C’est un grand classique des « déclarations » de l’UE, qui consiste à ne rien déclarer du tout. L’accord est unanime sur le fait… d’en reparler dans quelques semaines. Entre temps des gens meurent, notamment en Italie et en Espagne, et les anciennes plaies s’ouvrent encore plus largement.

Les perspectives pour une réponse européenne unifiée et efficace ne sont pas bonnes. Angela Merkel a donné la position de l’Allemagne : il existe déjà un mécanisme spécifiquement conçu pour de telles situations : le Mécanisme Européen de Stabilité (MES). Le problème, c’est que ce mécanisme conditionne les « aides » à la mise en œuvre d’un ensemble de « réformes » censées réduire le déficit public en privatisant des biens publics, en coupant dans les pensions et les services publics, et en attaquant les conditions de travail. Le remède est donc pire que le mal, comme l’expérience grecque l’a démontré.

La bataille verbale ne faisait que commencer. Après le sommet européen, le ministre des Finances hollandais a provoqué un vif tollé en suggérant que Bruxelles devait lancer une enquête sur l’incapacité de certains pays à faire face, financièrement, à la crise actuelle. Cette intrusion dans les affaires de pays tels que l’Italie et le Portugal a suscité une réponse indignée, le Premier ministre portugais qualifiant ce commentaire de « répugnant ». D’autres ont pointé du doigt le système fiscal hollandais, qui permet aux entreprises hollandaises de ne payer aucune taxe dans le reste de l’Europe.

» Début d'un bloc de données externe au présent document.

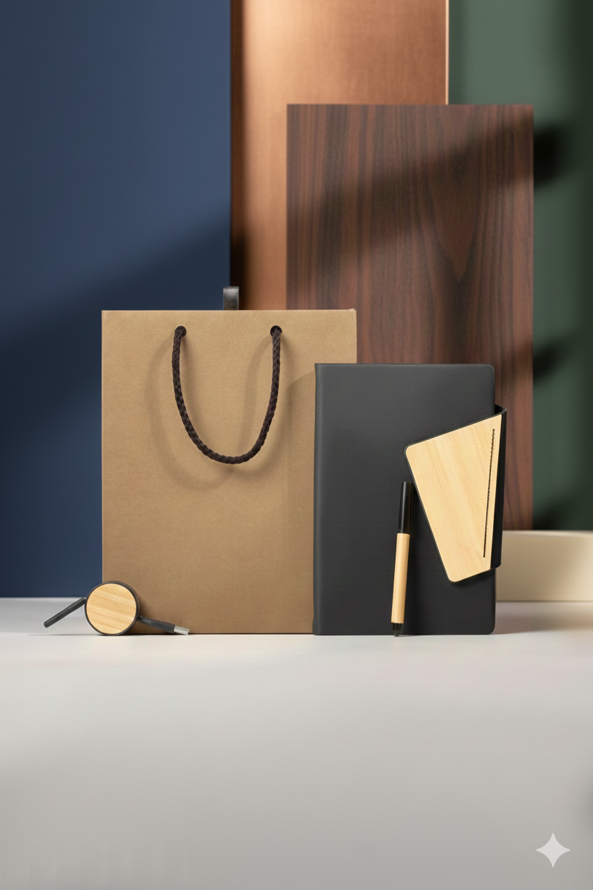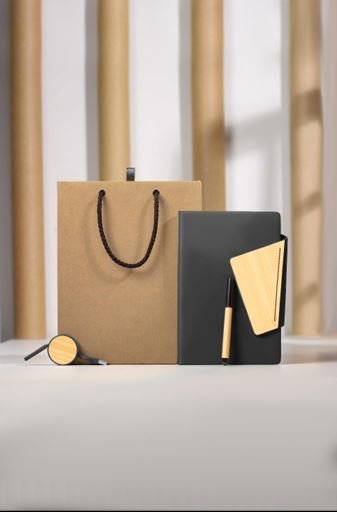 Discover the perfect gift set that combines elegance with practical functionality. The set features a luxury gift bag made from natural kraft paper, and a selection of distinctive notebooks, such as the Cork Notebook with a front pocket for cards or notes. Some notebooks include a wooden piece with wrapped cables for convenient multi-charging. Ideal for personal gifts, office use, or any occasion requiring a luxurious and eco-friendly touch.
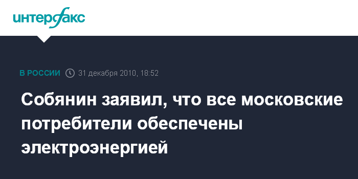 Собянин заявил, что все московские потребители обеспечены электроэнергией
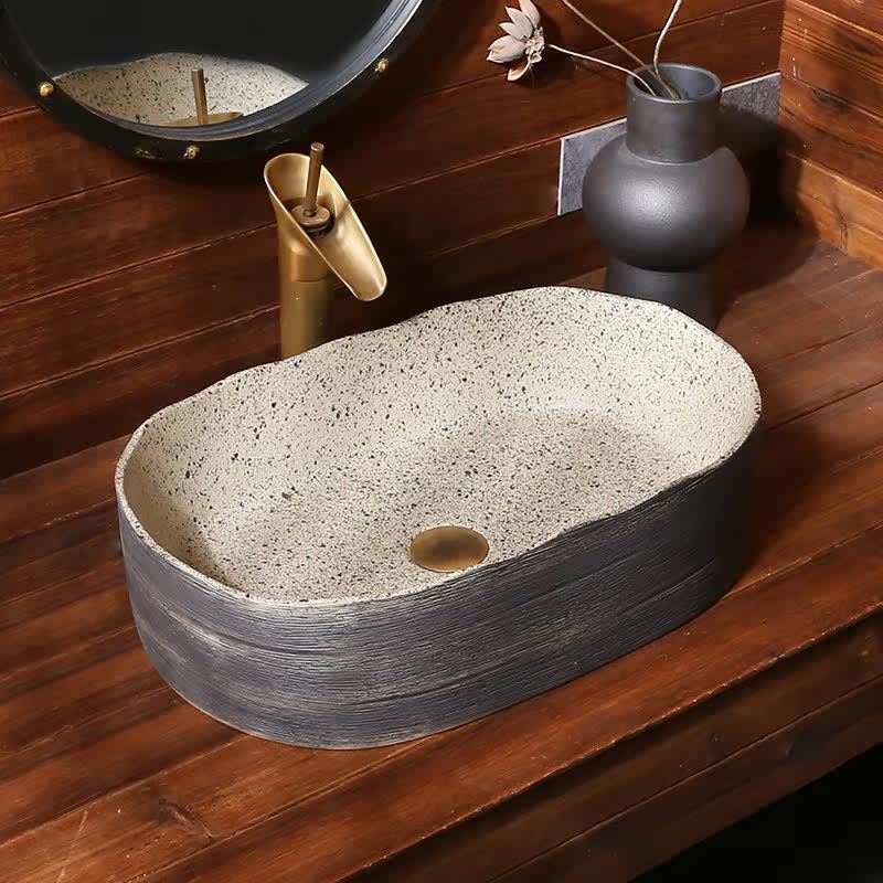 Керамическая платформа Jingdezhen на бассейне овальное искусство умывальника туалет туалет китайский ретро -балкон -балкон -туалет домашнее использование
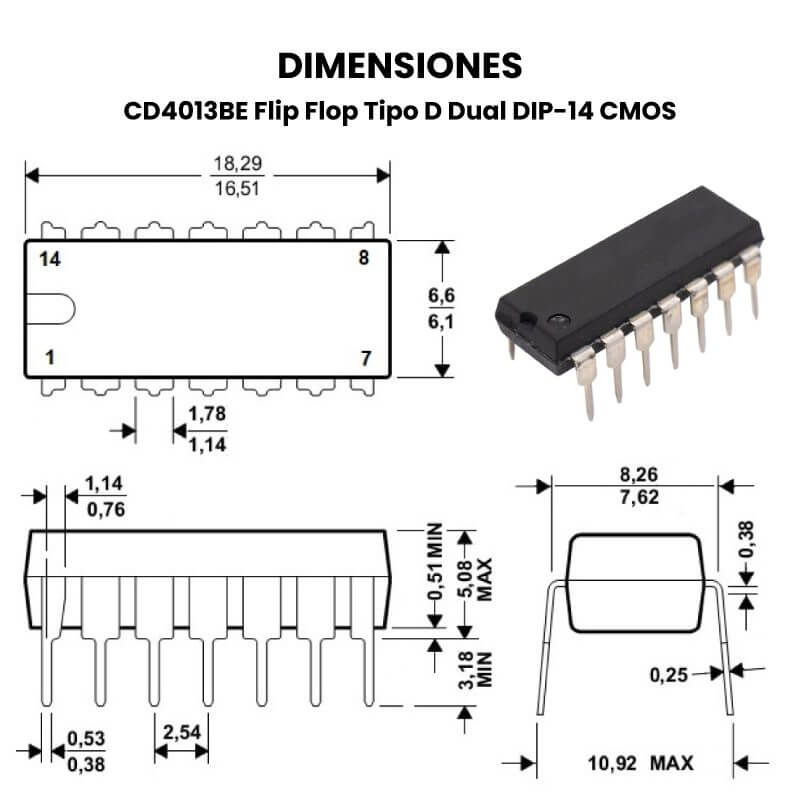 CD4013BE Flip Flop tipo D es un circuito integrado CMOS con encapsulado DIP-14 que se compone por 2 Flip Flop independientes, cada uno cuenta con entradas de datos, configuración, reinicio y reloj, así como salidas Q y Q\. Estos dispositivos se pueden utilizar en aplicaciones de registro de desplazamiento y aplicaciones de conteo y conmutación (conectando la salida Q\ a la entrada de datos). El nivel lógico presente en la entrada D se transfiere a la salida Q durante la transición positiva del impulso de reloj. La configuración y el reinicio son independientes del reloj y se realizan mediante un nivel elevado en la línea de ajuste o reinicio, respectivamente.
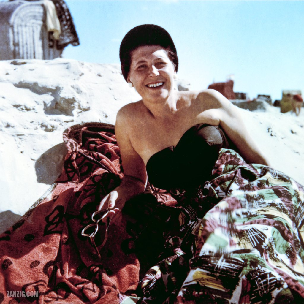 SUMMER 1956 – A color photo shows Edith Schweim at the beach of St.-Peter-Ording in Germany. © Mark Zanzig/zanzig.com
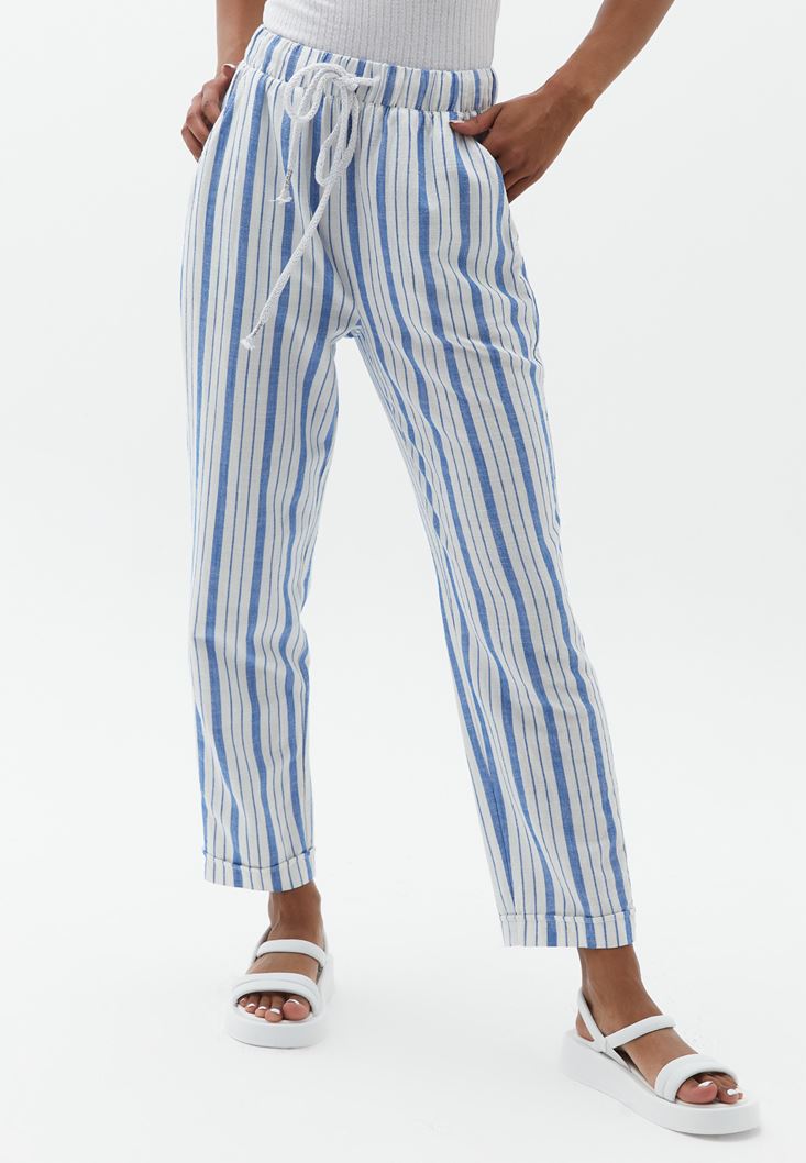 Pamuk ve viskon karışımlı doku, çizgi desenli, havuç kesim, slim paça, bedenden uzak rahat fit, yüksek bel, bilekte biyen paça boyu, beli lastikli ve bağcıklı, önü iki cepli.
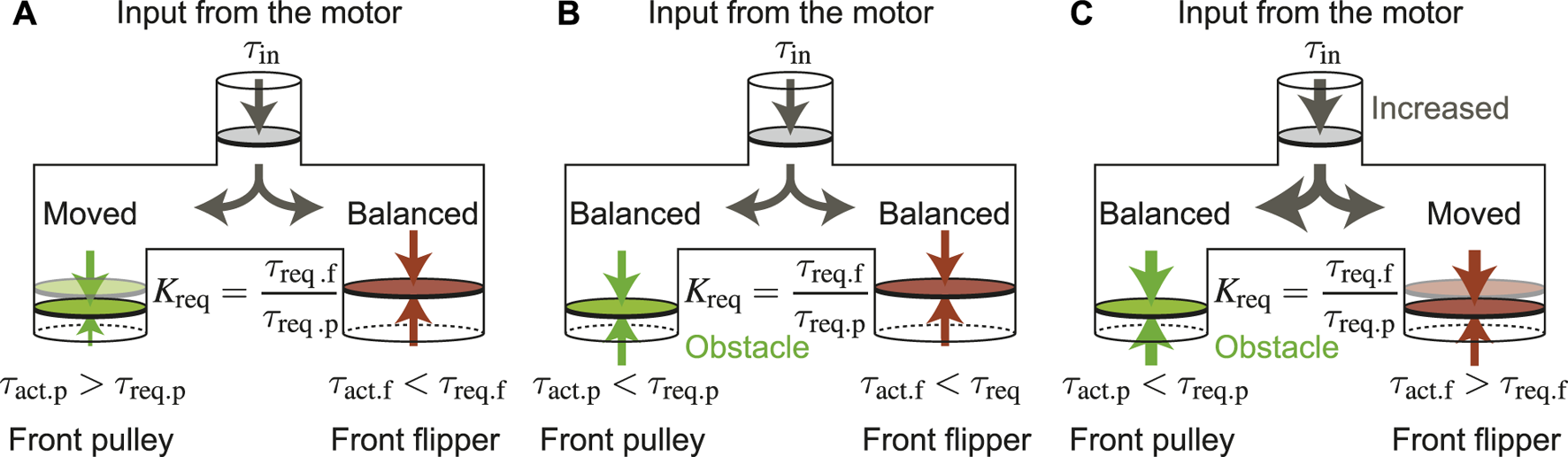 Since the underactuated mechanism divides one input into two outputs simultaneously, the distribution ratio of the two outputs greatly affects the performance. This differential phenomenon is often expressed using a branch tube as shown in Figure 6 (Lan et al., 2007). In normal driving mode, only the drive pulley rotates and the flipper must be stationary. In other words, the actual torque transmitted to the drive pulley τact.p must be larger than τreq.p. In the same manner, the actual torque transmitted to the flipper τact.f must be less than τreq.f. On the other hand, in parallelogram mode, the drive pulley should stop and the flipper must rotate. Therefore, τact.p must be smaller than τreq.p, and τact.f must be greater than τreq.f.

Le spectacle de ces conflits internes à l’UE, face à la plus grave crise de son histoire, exaspère et inquiète au plus haut point les observateurs bourgeois les plus lucides. Ils savent où tout cela risque de mener : à un développement du protectionnisme, qui transformerait cette récession en dépression, comme dans les années 1930. Comme l’écrit un éditorialiste du Financial Times : « Le protectionnisme a amplifié le désastre de la dépression des années 1930. Il ne faut pas que cela se reproduise. »

Ils demandent donc que les dirigeants « tirent les leçons de l’histoire » et en changent le cours. Mais ces divisions entre États membres ne sont pas le produit accidentel de l’aveuglement ou de l’intransigeance de certains dirigeants ; elles sont une conséquence nécessaire de la nature fondamentale du capitalisme, qui est incapable de dépasser les limites de l’État-nation.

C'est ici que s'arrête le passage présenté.